Thamar Henneken

Personal information
- Full name: Thamar Nanette Henneken
- Nationality: Netherlands
- Born: 2 August 1979 (age 46) Delft, South Holland
- Height: 1.85 m (6 ft 1 in)
- Weight: 72 kg (159 lb)

Sport
- Sport: Swimming
- Strokes: Freestyle
- Club: PSV Eindhoven

Medal record
Women's swimming
Representing the Netherlands
Olympic Games
| Silver medal – second place | 2000 Sydney | 4×100 m freestyle |
World Championships (SC)
| Silver medal – second place | 1999 Hong Kong | 4×100 m freestyle |

= Thamar Henneken =

Dutch swimmer (born 1979)

Thamar Nanette Henneken (born 2 August 1979 in Delft, South Holland) is a former freestyle swimmer from the Netherlands.
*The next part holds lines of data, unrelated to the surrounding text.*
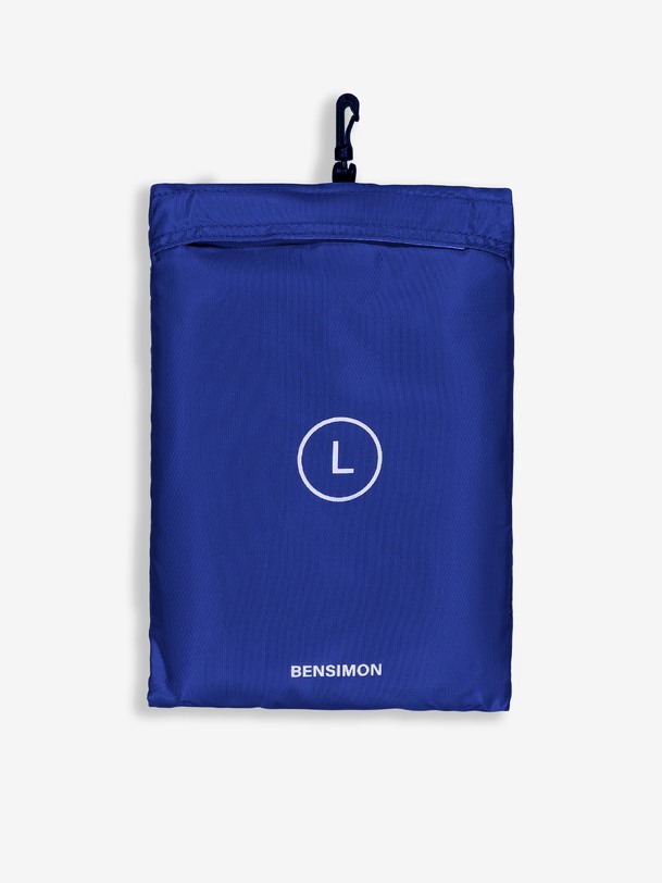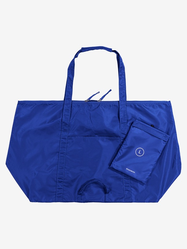 Extra Bag L retractable bag with large capacity. It folds into a small pouch. It has a zipper closure and 1 inside pocket. Dimensions: length 56 cm, width 28 cm, height 45 cm.
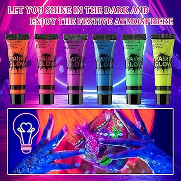 - Multiple Occasions: Whether it's a rave theater,a theme costume,a Halloween party,or an everyday creative look,glow in the dark face body paint is perfect for making your costume look sophisticated and fun,the center of attention,and making every night more memorable
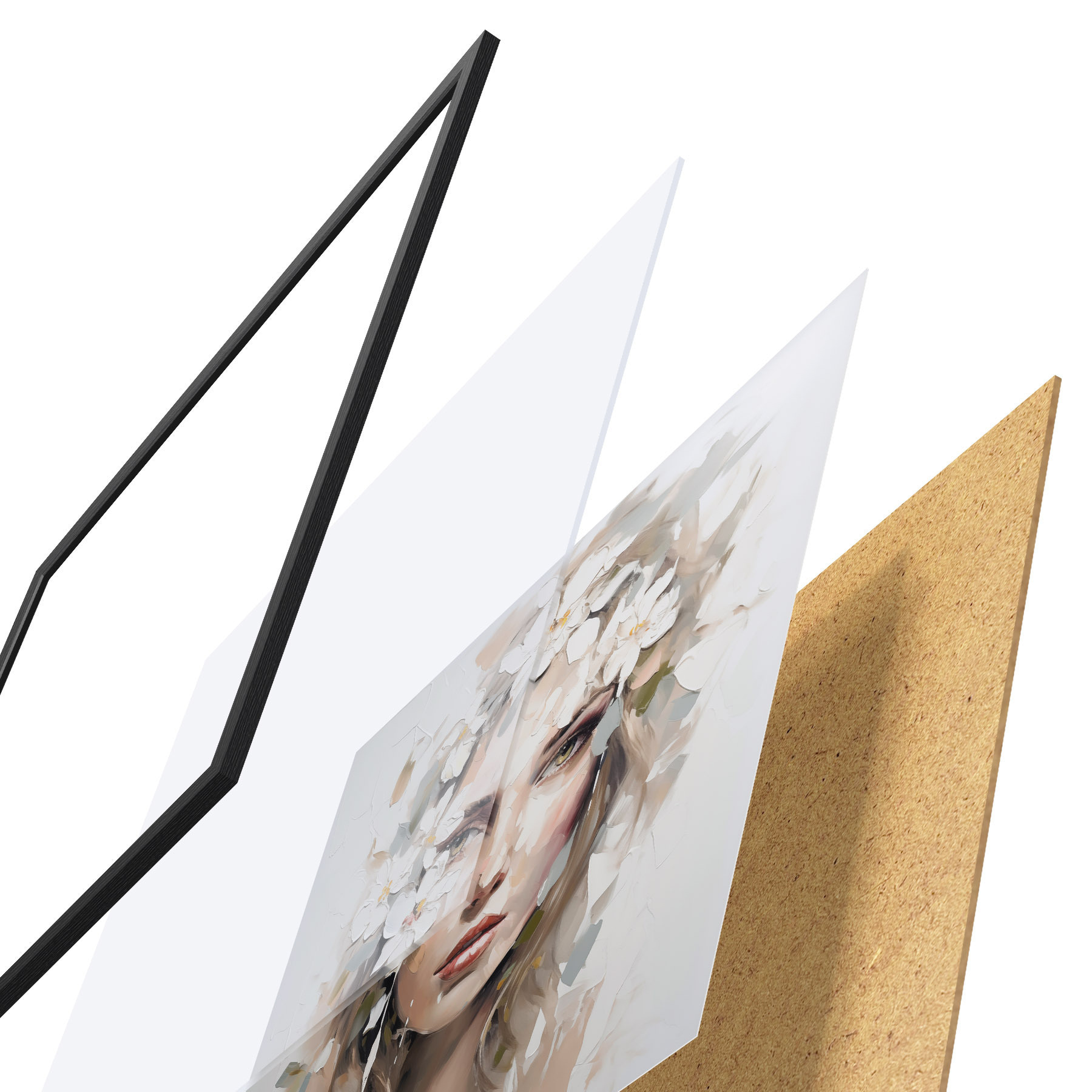 A poszter keretből, plexiből, nyomtatott képből és forgácslap hátlapból áll. A poszter a hátoldalon található rögzítőknek köszönhetően azonnal felakasztható a falra.

She was a member of the Dutch Women's 4 × 100 m freestyle relay team (alongside Inge de Bruijn, Wilma van Hofwegen and Manon van Rooijen) that won the silver medal at the 2000 Summer Olympics in Sydney, Australia.

After the Sydney Games, she tried to switch to rowing, but soon returned to swimming. She is engaged to former world champion Marcel Wouda. The couple had a baby in early 2005.